Sunday, January 25, 2009

"There's a sucker born every minute" - P.T. Barnum

Read the news and the writing is right there for all Canadians to see.

Plunging consumer spending, the loss of almost 150,000 full-time jobs in the last 60 days, the crash in commodity prices, collapsing corporate profits, the bankruptcy of Nortel, diving home equity and a deterioration of national finances which is without precedent.

Our Canadian government will spend at least $64 billion more than it takes in over the next two years and we will have gone from a $12 billion surplus to a $32 billion deficit in only three years. All this debt means looming inflation later. We saw this in the 1970s. Once this mess is over you can be guaranteed that the carrying costs of your mortgage will double.

And yet the barrage from the Real Estate Pollyanna's continues.

Today we hear from Bob Rennie, the city's most famous realtor, who on Friday said that mortgage rates, which have dipped below five per cent, making it a great time to buy.

"I think there's some really good buys out there," he said. "You've got to look at interest rates, and take advantage of them." The financial and corporate blowouts will be done by next September, he predicted, arguing that developers have reacted quickly to the downturn and are now eager for an upturn.

"Supply is really going to quickly show that the tap's been turned off," said Rennie. "I think we'll come out of this in 2010." For sellers, Rennie suggested that it's better to sit tight.

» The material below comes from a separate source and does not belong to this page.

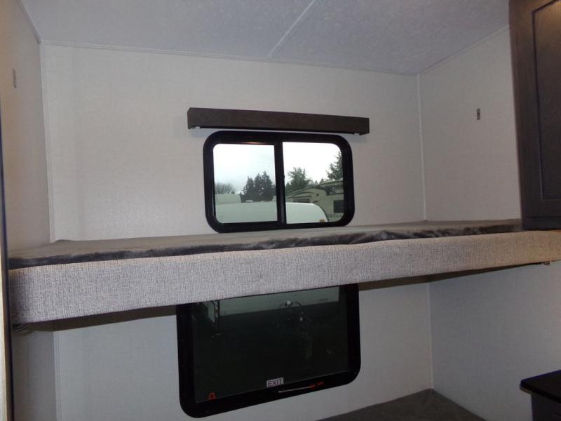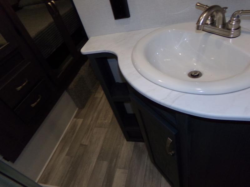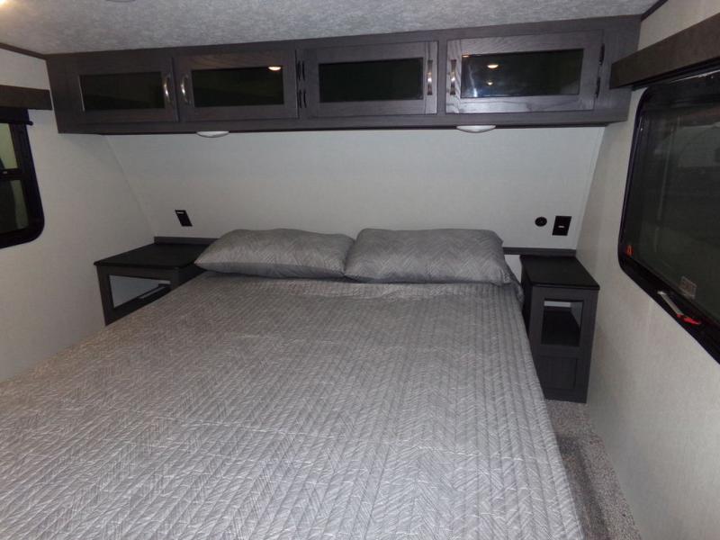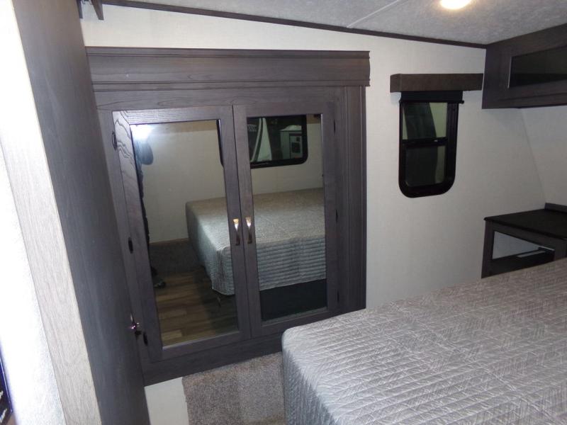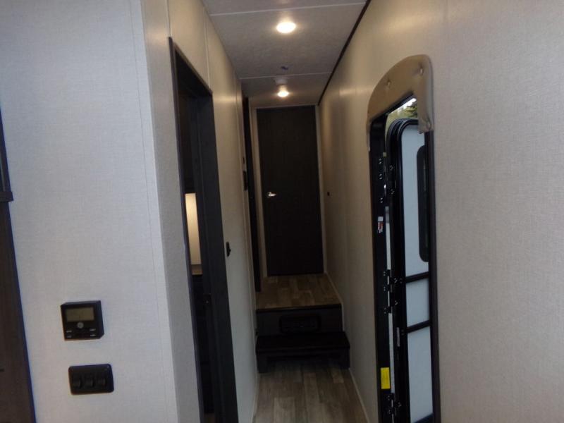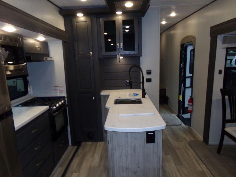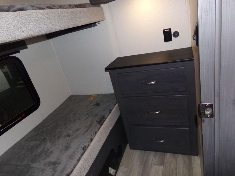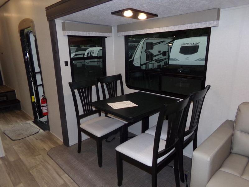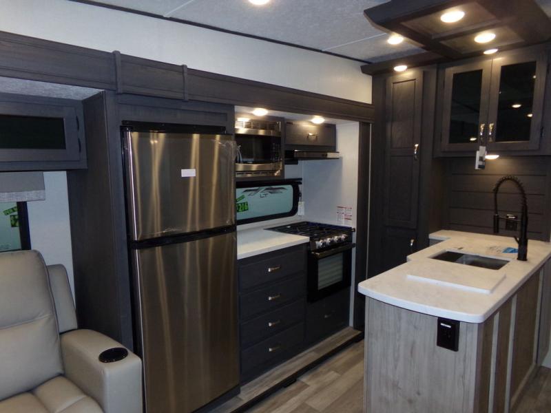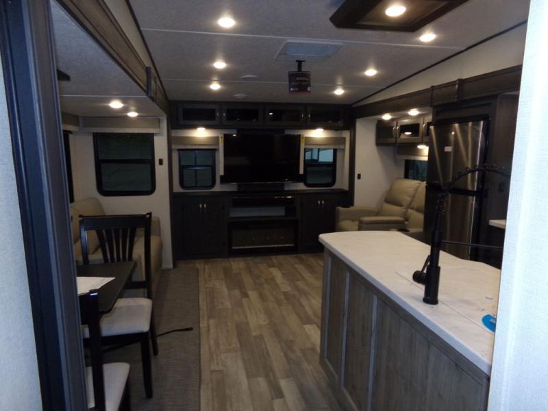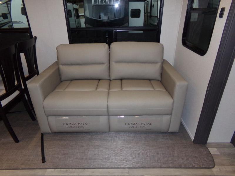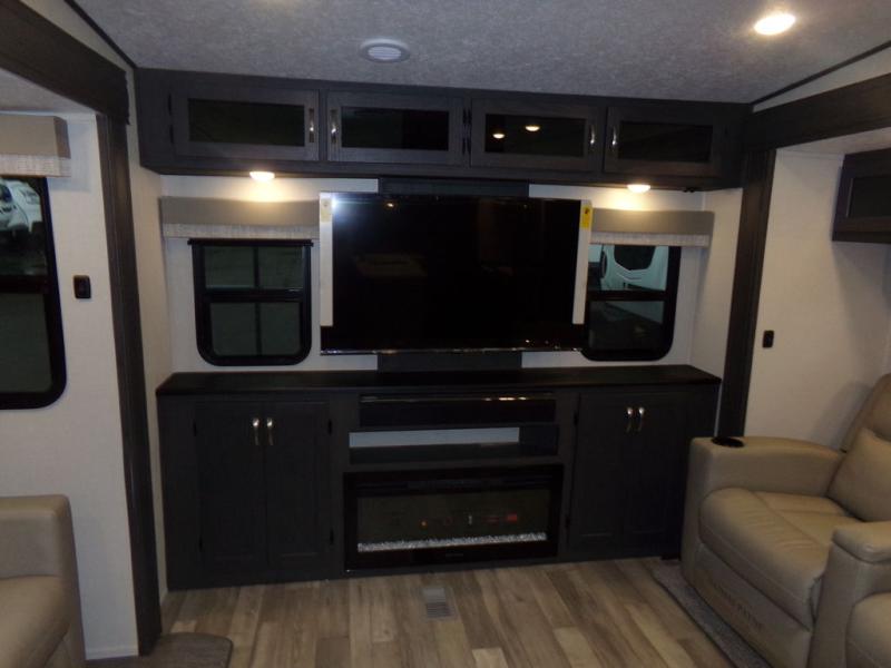 The whole family can comfortably camp in this fifth wheel with a front master bedroom and a middle bunkroom! The front private bedroom has a queen bed, a wardrobe/linen closet slide, and an entrance into the dual entry bathroom which has a radius shower. The middle bunkroom has a 30" x 74" bunk bed with a flip up top bunk, shoe storage area, and overhead cabinets. The chef can prepare their best home cooked meals with the residential cooktop and 21" stainless steel oven, then enjoy them all together at the table with chairs. After dinner you can head to the rear living area and relax on either the tri-fold hide-a-bed sofa or Thomas Payne theater seating while enjoying the high BTU output electric fireplace!
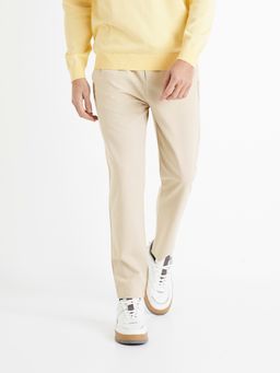 Pohodlné kalhoty mají v pase stahovací šňůrku a skryté zapínání. Mají vysoký pružný pas, praktická poutka na pásek a celkově volný střih nohavic. Přední šikmé kapsy a zadní zapuštěná kapsa. Kalhoty lze nosit s tričkem a bundou.

Chiming in to this orgy of optomism last Friday was Cameron Muir, chief economist with the B.C. Real Estate Association. "I expect that, while the economy is going to be weaker in 2009, real-estate sales will be higher than 2008. While we've seen prices decline, the rate of decline has been slowing. If that trend continues, home prices should firm up over the next couple of months." Muir said the oversupply of available homes is pushing prices downward, but that could redress in the spring, paving the way for higher home prices.

The disturbing thing is that real estate’s is the biggest thing most people buy. Consumers need and merit professional guidance.

Are these so called 'experts' providing that? Or is it nothing but a shylock's mea non-culpa?

Hear no evil, see no evil, speak no evil.